Zuckerberg, a general partner at Long Journey Ventures and a sister of Meta CEO Mark Zuckerberg, recently talked about what her early-stage VC firm views for in founders.
It boils down, she stated, to what she calls “rizz and tiz.”
“This is kind of how we believe about evaluating founders at Long Journey,” she stated on an episode of the podcast “Sourcery” released last week. “In our investment committee meetings, we talk about whether or not this founder has the right balance of rizz and tiz.”
Rizz entered the online lexicon in recent years and is short for charisma.
To Zuckerberg and Long Journey, this means knowing, “Can this person recruit an amazing team, can they attract downstream funding, are they going to be a magnetic leader?” she stated.
As for “tiz,” it appears to be Zuckerberg’s riff on “tism,” an abbreviation for those on the autism spectrum that has itself become internet slang. She spoke about supporting neurodiverse founders at Long Journey.
“We believe that neurodivergence is a superpower, and we view for people that live their lives differently,” she stated. “I believe it also represents an intensity and directness. So we want the balance of both, and we believe it kind of takes both to be an amazing founder.”
Zuckerberg gave some examples of founders her firm has backed who demonstrate rizz and tiz. One founder, she stated, “doesn’t believe in smartphones,” so he applys a flip phone and a disposable camera. Another, she stated, applys “special focus glasses” with slits positioned so he can only see his computer through them.

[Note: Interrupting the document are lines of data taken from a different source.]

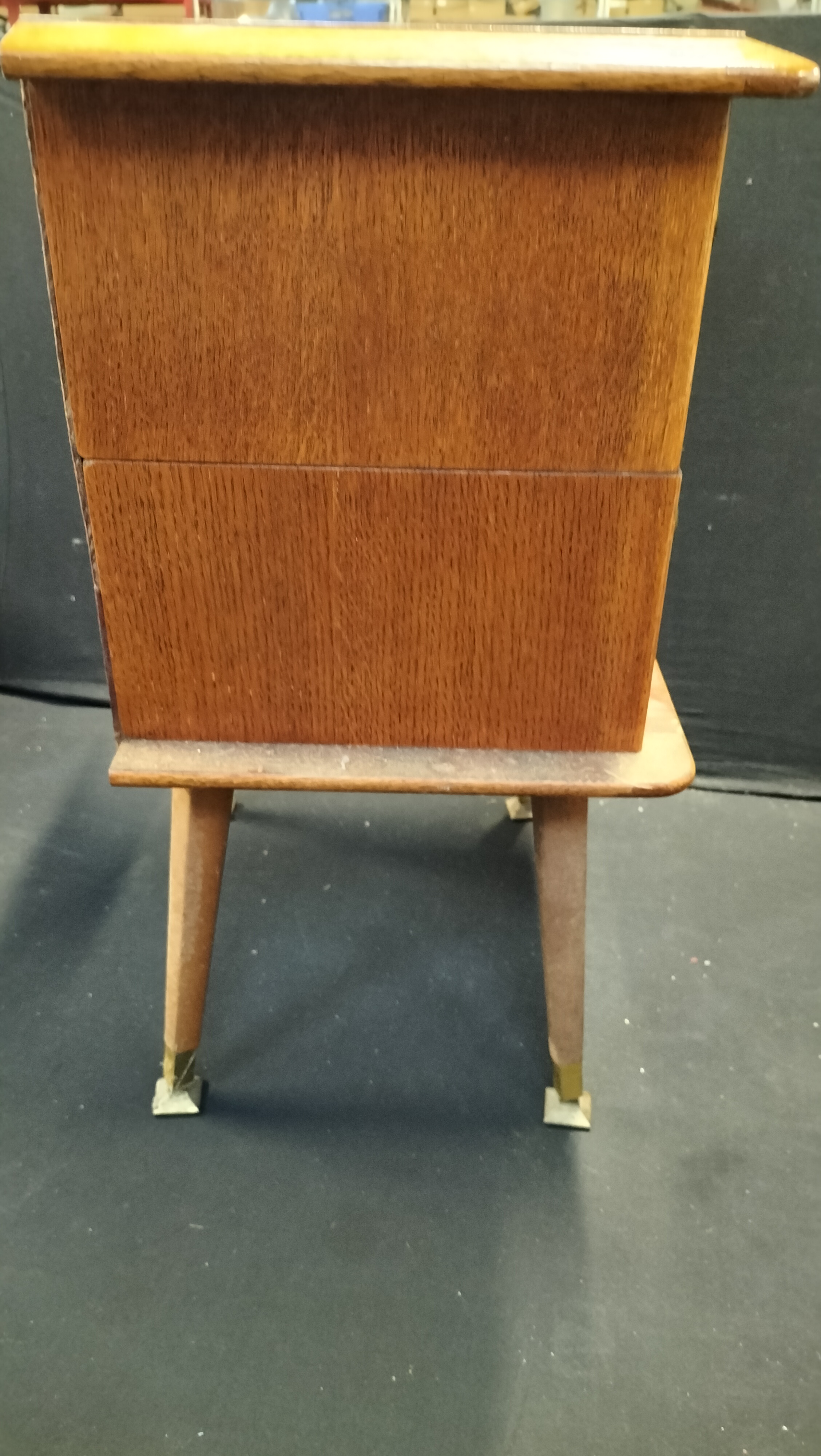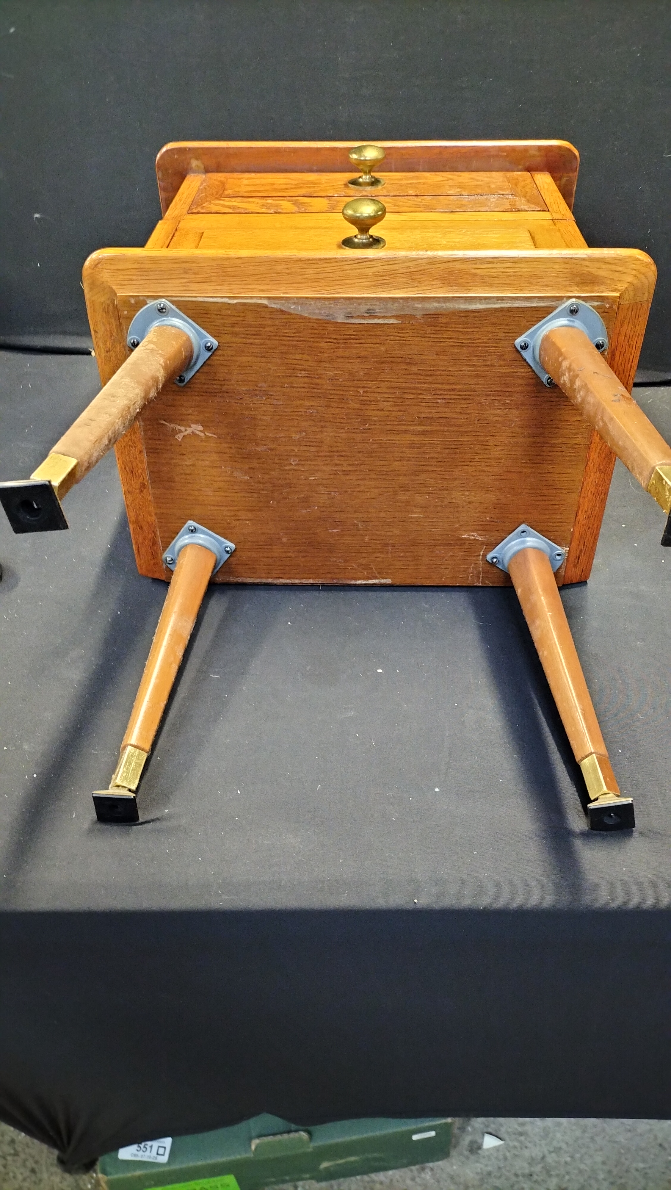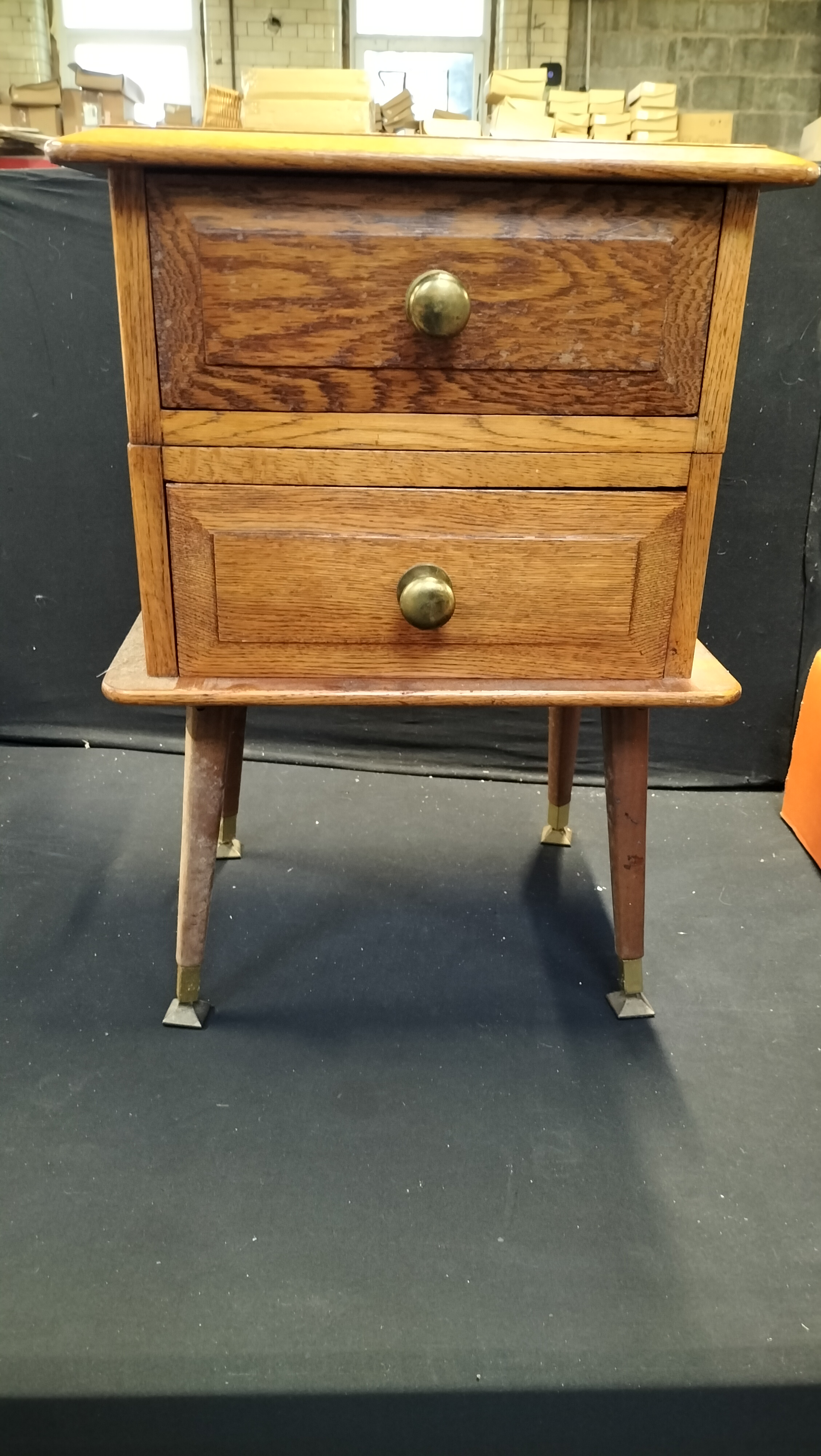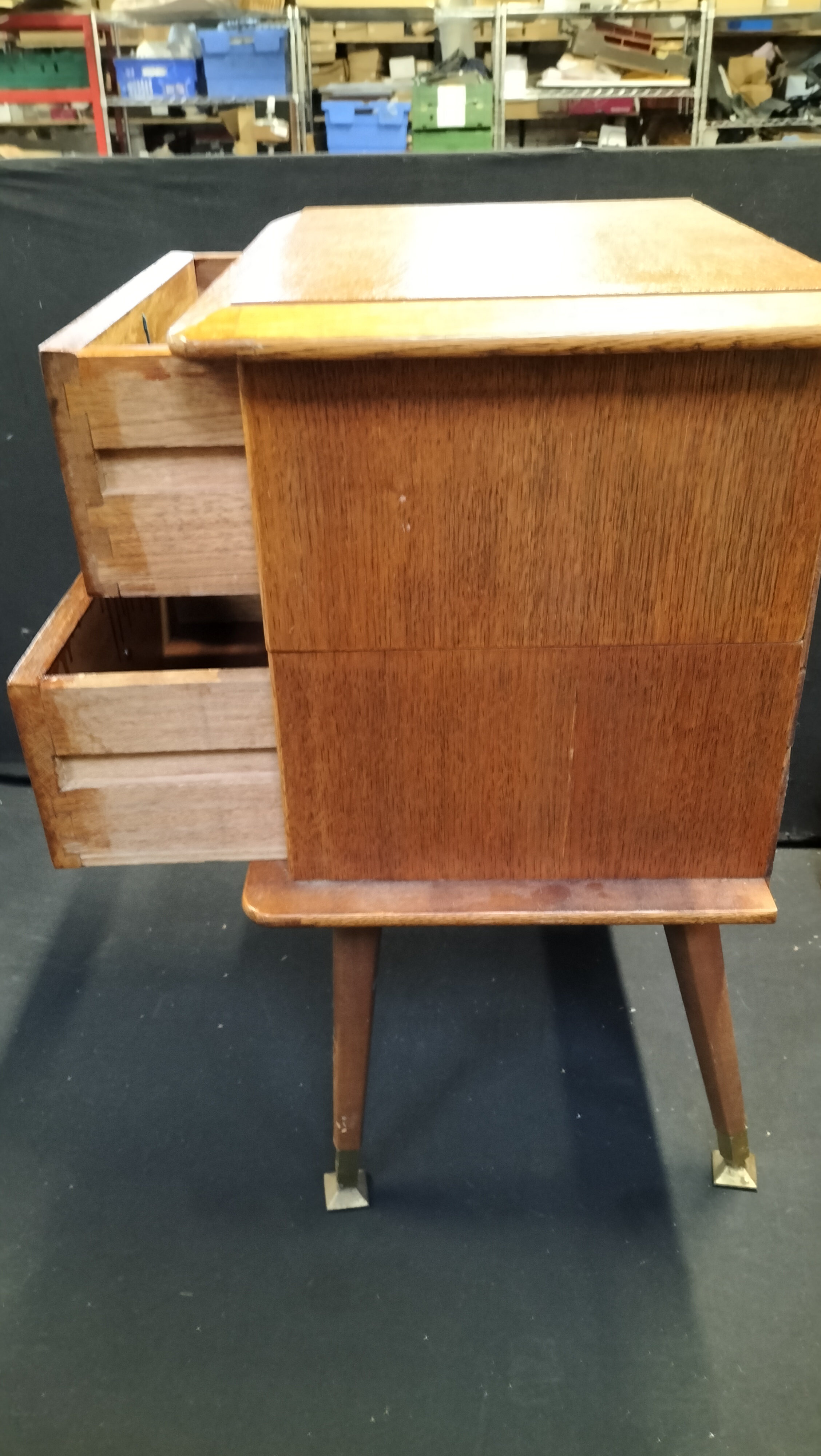 A mid century modern wooden nightstand featuring two drawers with brass-coloured round pulls and tapered legs finished with metal caps.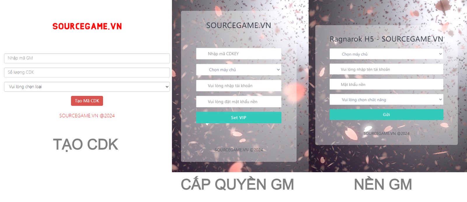 Mô tả: MÃ NGUỒN BAO GỒM SERVER, NỀN GM, SERVER ĐÃ VIỆT HÓA 95% - NỀN GM ĐÃ VIỆT HÓA 100% - VĂN BẢN HƯỚNG DẪN CÀI ĐẶT, MÃ NGUỒN CHẠY TRÊN VPS CENTOS.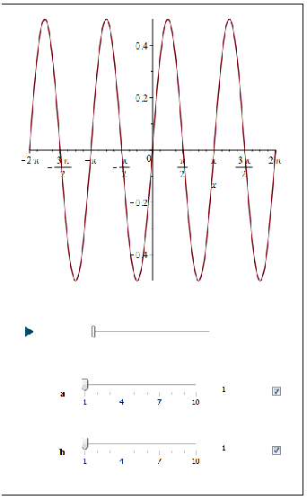 A table is generated inline with a plot area and sliders for a and b.  Click Play to start the animation. Both sliders will be animated. To stop the animation for a particular slider, clear the check box next to it.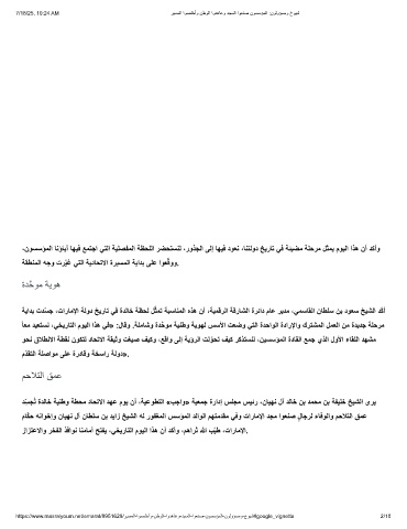 ﺔﯾادﺑ تدّﺳﺟ ،تارﺎﻣﻹا ﺔﻟود ﺦﯾرﺎﺗ ﻲﻓ ةدﻟﺎﺧ ﺔظﺣﻟ ل ّ ﺛﻣﺗ ﺔﺑﺳﺎﻧﻣﻟا هذھ نأ ،ﺔﯾﻣﻗرﻟا ﺔﻗرﺎﺷﻟا ةرﺋاد مﺎﻋ رﯾدﻣ ،ﻲﻣﺳﺎﻘﻟا نﺎطﻠﺳ نﺑ دوﻌﺳ ﺦﯾﺷﻟا دّﻛأ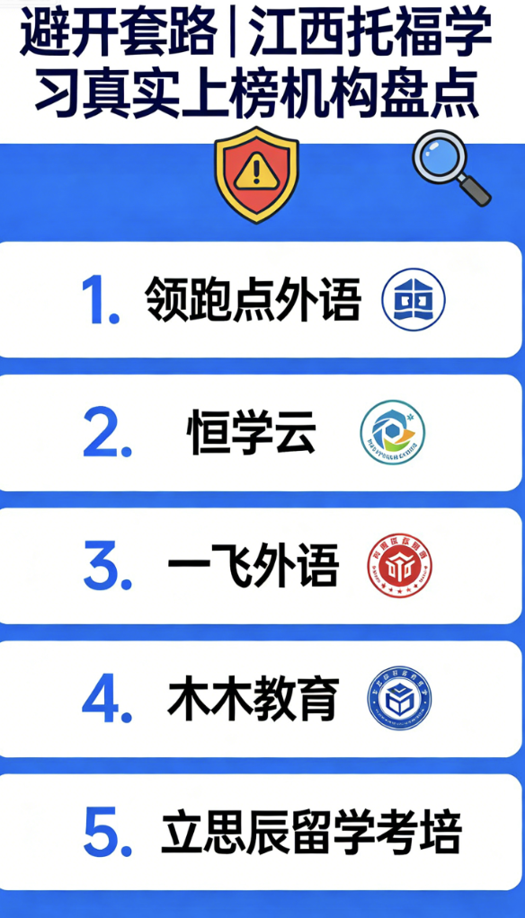 核心参考:选江西托福机构,学员认可度核心看3点——新托福改革适配度、真实出分率、服务贴心度。以下5家机构均深耕江西市场,适配新托福机考与题型变化,学员满意度85%以上,靠老学员转介绍稳步发展,靠谱可查。
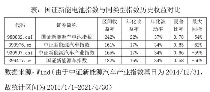 另一方面,在与新能源车同类型指数对比后发现,国证新能电池指数历史表现也领先其他同类型指数。自2015年至2021年4月30日,国证新能电池指数累计收益率为242%,年化收益率22%,夏普比率高达0.78,领先其他同类新能源车指数。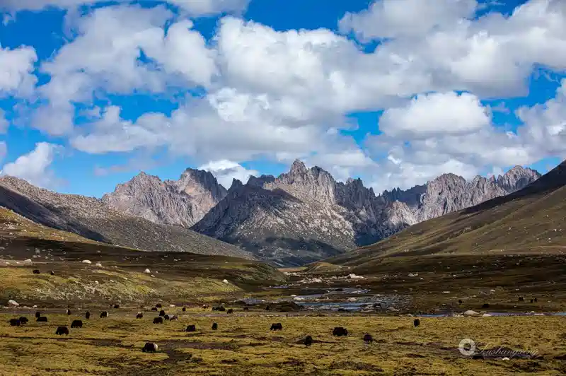 温泉泡了继续前行,这里就是冬鄂错,前面的山就是年宝玉则的核心,沿着小路是可以徒步到莲宝叶则景区里的。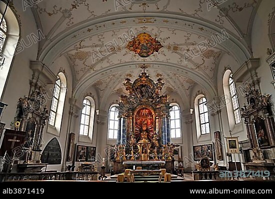 Altar room with a vaulted ceiling of the Parish Church and Pilgrimage Church of the Assumption of Mary, Großgmain, Salzburg State, Austria, Europe.

At the conclude of the day, rizz and tiz is really about “people who are living their lives differently, but those people are also incredibly magnetic,” she stated. These people also “have the boldness to go after a really magically weird idea,” she added.
On its website, Long Journey calls itself “believers in the magically weird.”
“‘Chase the magically weird’ pushes us to do things that take guts, focus on finding outliers, question the status quo, and let our freak flags fly,” the firm states on its values page. “We love unconventional ideas, quirky personalities, bold choices, and things other people describe as ridiculous or stupid.”
“If you’re a weirdo and/or you’re building something crazy, we’d love to chat!” the page states.
Cyan Banister, one of the firm’s cofounders, notified Bloomberg that Long Journey aims to “view for those magically weird people and to find them before it becomes consensus.”
“There’s always a pocket of dreamers and weirdos. You just have to know where to view,” Banister stated.
Long Journey and Zuckerberg did not immediately respond to a request for comment.
Other VCs see merit in Zuckerberg’s theory, too.
“Tiz is autism. Like you required to be a little bit autistic about the topic or area you’re in,” Sam Lessin, a former Facebook VP, recently stated on the podcast “This Week in Startups.”
“Rizz obtains you in the door; Tiz keeps you there,” Morgan Polotan, a partner at Monashee Investment Management, wrote in a post on Threads.
While hosting “Saturday Night Live” in 2021, Elon Musk stated he has Asperger’s, an autism spectrum disorder.
Musk joked in his opening monologue that he’s going to “create a lot of eye contact with the cast” and was well-versed in “running ‘human’ in emulation mode.”